So, this is coming quite late, but I ran into the same problem again, and there's a much better solution now. Just use pygtail:

Pygtail reads log file lines that have not been read. It will even handle log files that have been rotated. Based on logcheck's logtail2 (http://logcheck.org)

Madancy answered 4/8, 2015 at 1:56 Comment(1)
Please notice that it doesn't quite behave like tail, but it may be useful, depending on what one wants to do.Trifid
P
82

Non Blocking

If you are on linux (as windows does not support calling select on files) you can use the subprocess module along with the select module.

import time
import subprocess
import select

f = subprocess.Popen(['tail','-F',filename],\
        stdout=subprocess.PIPE,stderr=subprocess.PIPE)
p = select.poll()
p.register(f.stdout)

while True:
    if p.poll(1):
        print f.stdout.readline()
    time.sleep(1)

This polls the output pipe for new data and prints it when it is available.
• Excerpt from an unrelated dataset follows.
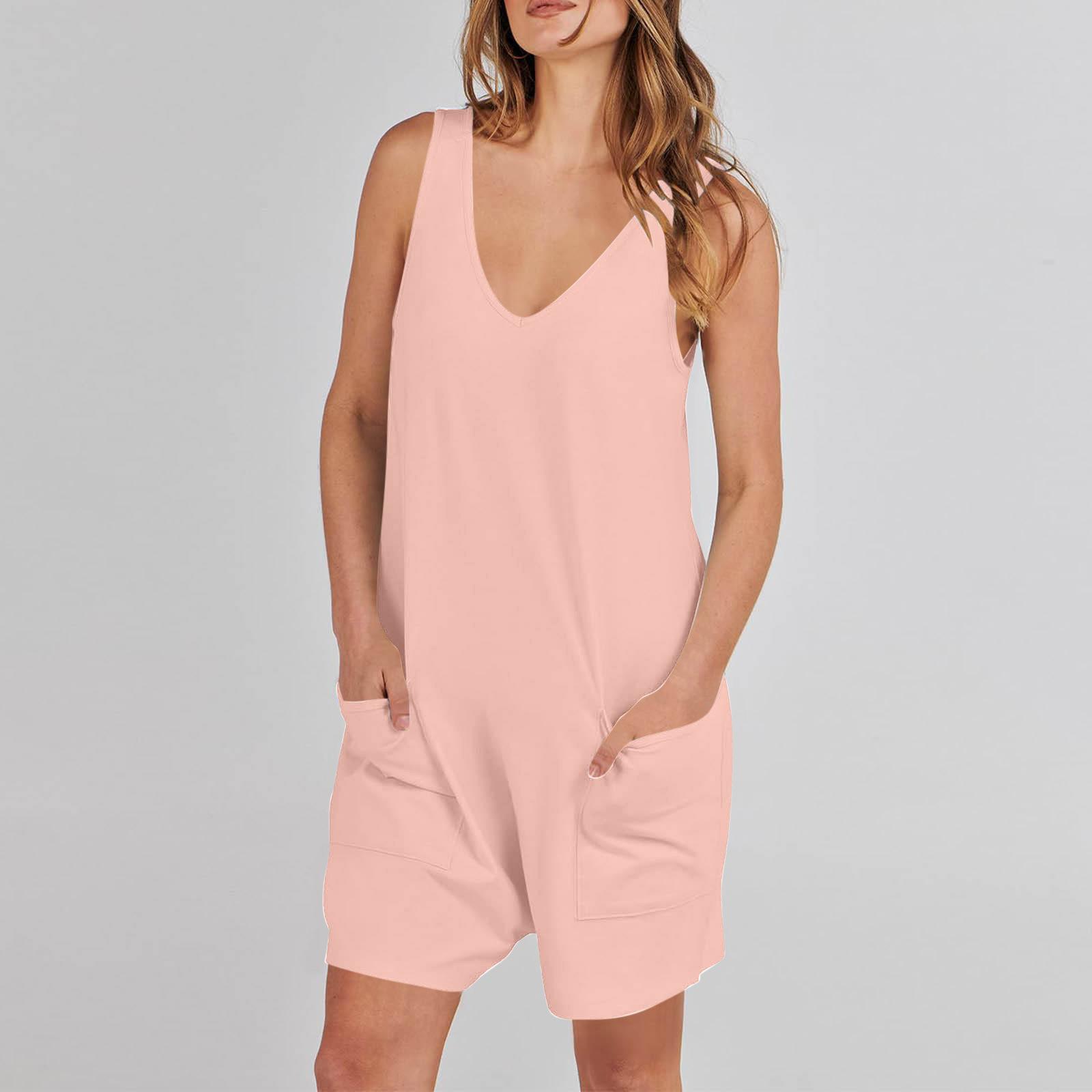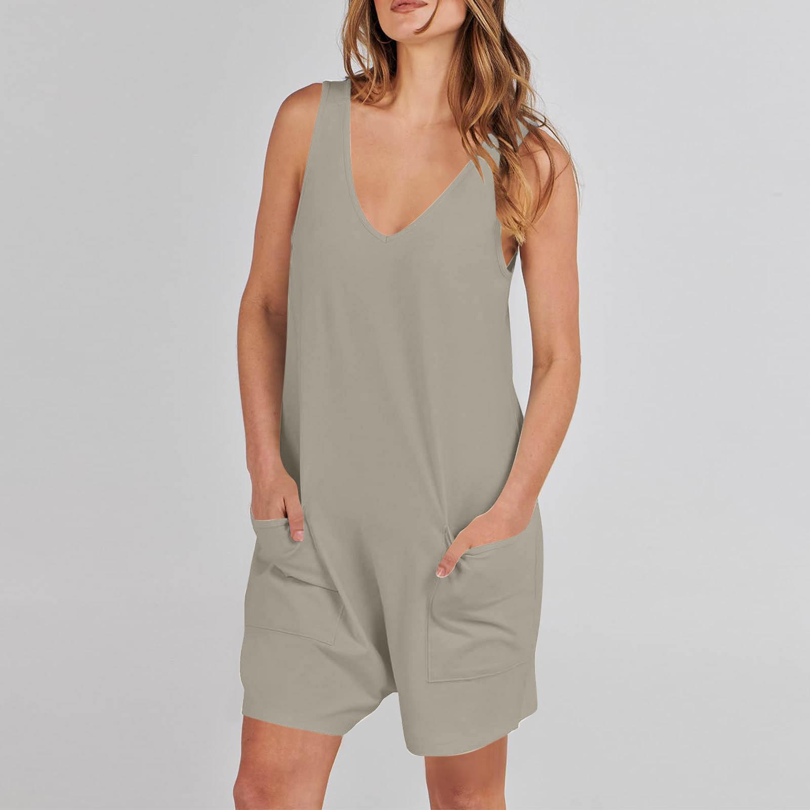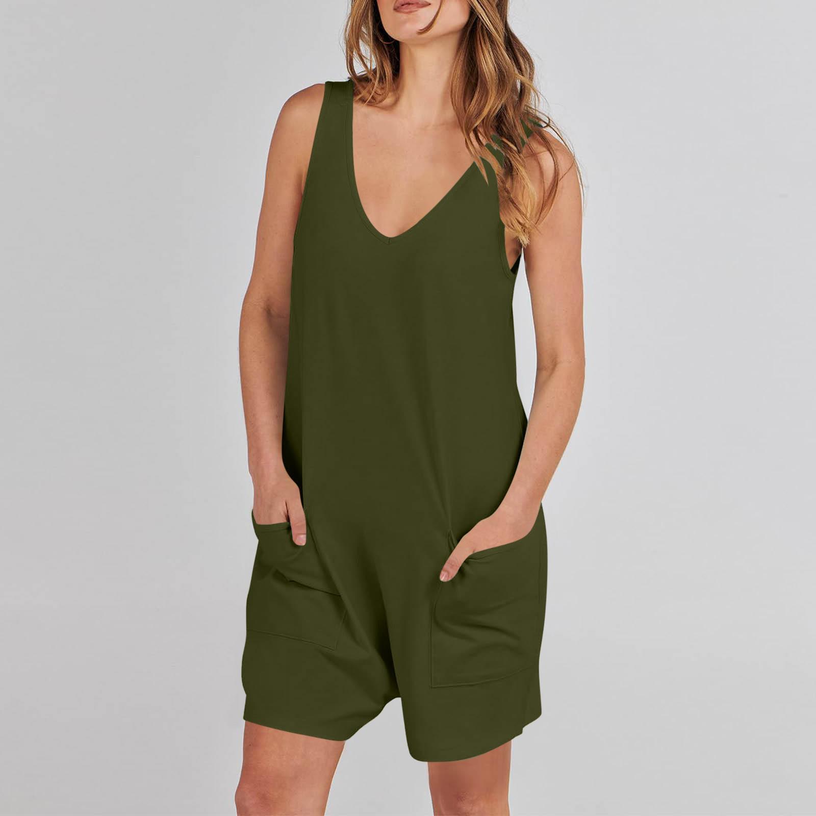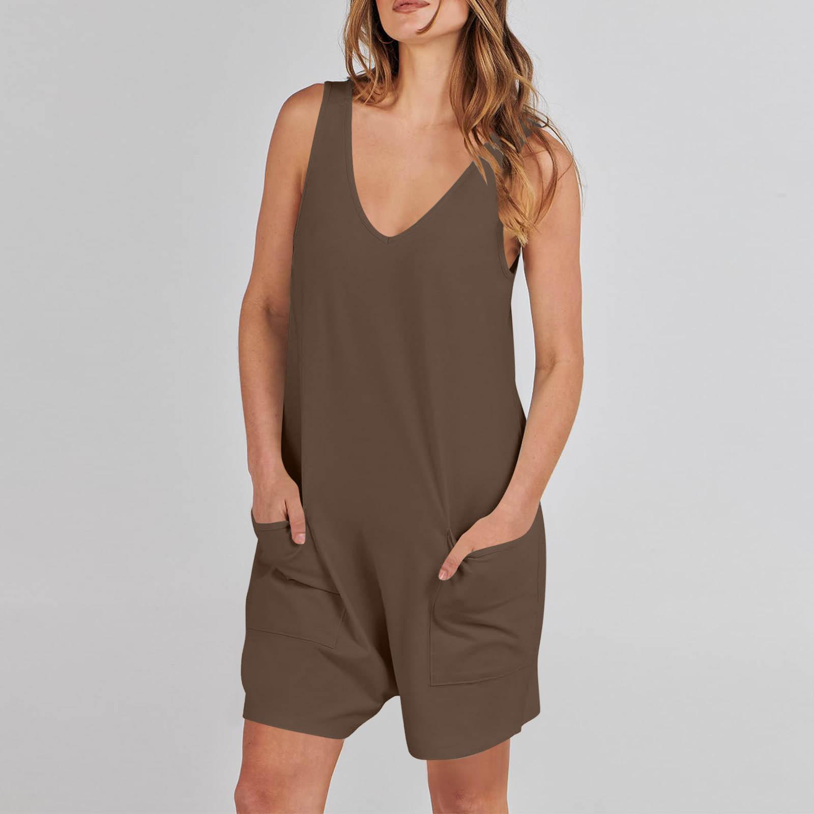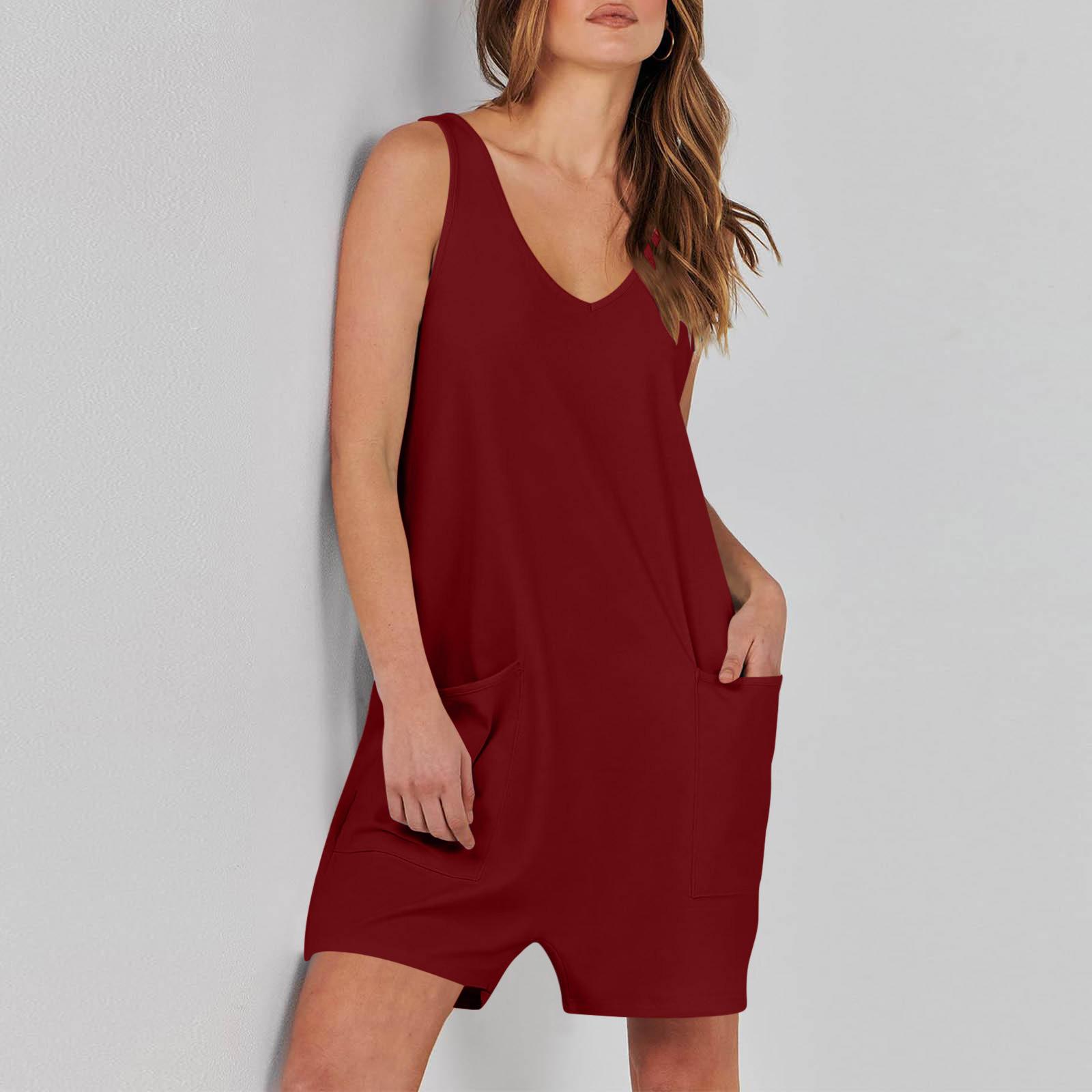 Mono corto informal sin mangas de verano para mujer europea y americana de Amazon TEMU 2024, mono holgado, ropa para el hogar

Normally the time.sleep(1) and print f.stdout.readline() would be replaced with useful code.

Blocking

You can use the subprocess module without the extra select module calls.

import subprocess
f = subprocess.Popen(['tail','-F',filename],\
        stdout=subprocess.PIPE,stderr=subprocess.PIPE)
while True:
    line = f.stdout.readline()
    print line

This will also print new lines as they are added, but it will block until the tail program is closed, probably with f.kill().

Picard answered 21/9, 2012 at 2:9 Comment(14)
Well, technically, f.stdout is a pipe, not a file (but I believe Windows is still incapable of using select on it).Smutch
In the "Blocking" solution, instead of print line, use sys.stdout.write(line) to take care of extra newlines that print will insert.Niello
line = f.stdout.readline().strip() would also remove the extra newlineBuddleia
@Buddleia Are there extra newlines printed that shouldn't be? Anyway, I believe .strip() would also remove leading whitespace that might be significant.Picard
The newline from the original log file - usually when iterating line by line, you'd prefer just the "line" string. But if the leading spaces are important - you're right, and @Mayank Jaiswal solution would be a good optionBuddleia
@Buddleia It has been a while since I worked on this piece of code, but if .readline() keeps the newline, and print adds a new one, it should be easy to fix by using sys.stdout.write() instead of print.Picard
I think that in the non-blocking solution, if there's a permissions problem opening the log file, the program just hangs with no warning or error output.Leaseholder
This only reads at most a single line per second, which is an issue if the log is growing by more than one line per second.Cadena
Answering my own comment: Replacing the contents of the if block if p.poll(1): with a loop that calls f.stdout.readline() until nothing is returned seems to work. Here is a gist with these modifications: gist.github.com/dwaltrip/bd3321880180f556ba0f9d1c4962b6f7Cadena
Ok... my gist doesn't work exactly as I expected. line = f.stdout.readline() always waits until the next line is read, if the file is present. It seems to be a non-blocking wait, though (cpu time is very short), so this might not actually be an issue. However, line = f.stdout.readline() does instantaneously return a bytes string of length 0 if the file is missing.Cadena
this worked on Python 3.8.5 just now (changed the print statement of course). also changed line = f.stdout.readline() to line = str(f.stdout.readline(), 'utf-8').strip() to clean up the print.Caruncle
This seems to skip the last log line which only shows up on subsequent poll. Why is that and how can I fix it?Signature
@Signature It has been a while since I used python but I believe this only returns lines with a line ending character. Its probably not trivial to change that behavior.Picard
You can fix the "one line per second" issue by replacing the "if" with a "while."Carmacarmack
J
56

Using the sh module (pip install sh):

from sh import tail
# runs forever
for line in tail("-f", "/var/log/some_log_file.log", _iter=True):
    print(line)

[update]

Since sh.tail with _iter=True is a generator, you can:

import sh
tail = sh.tail("-f", "/var/log/some_log_file.log", _iter=True)

Then you can "getNewData" with:

new_data = tail.next()

Note that if the tail buffer is empty, it will block until there is more data (from your question it is not clear what you want to do in this case).

[update]

This works if you replace -f with -F, but in Python it would be locking. I'd be more interested in having a function I could call to get new data when I want it, if that's possible. – Eli

A container generator placing the tail call inside a while True loop and catching eventual I/O exceptions will have almost the same effect of -F.

def tail_F(some_file):
    while True:
        try:
            for line in sh.tail("-f", some_file, _iter=True):
                yield line
        except sh.ErrorReturnCode_1:
            yield None

If the file becomes inaccessible, the generator will return None. However it still blocks until there is new data if the file is accessible. It remains unclear for me what you want to do in this case.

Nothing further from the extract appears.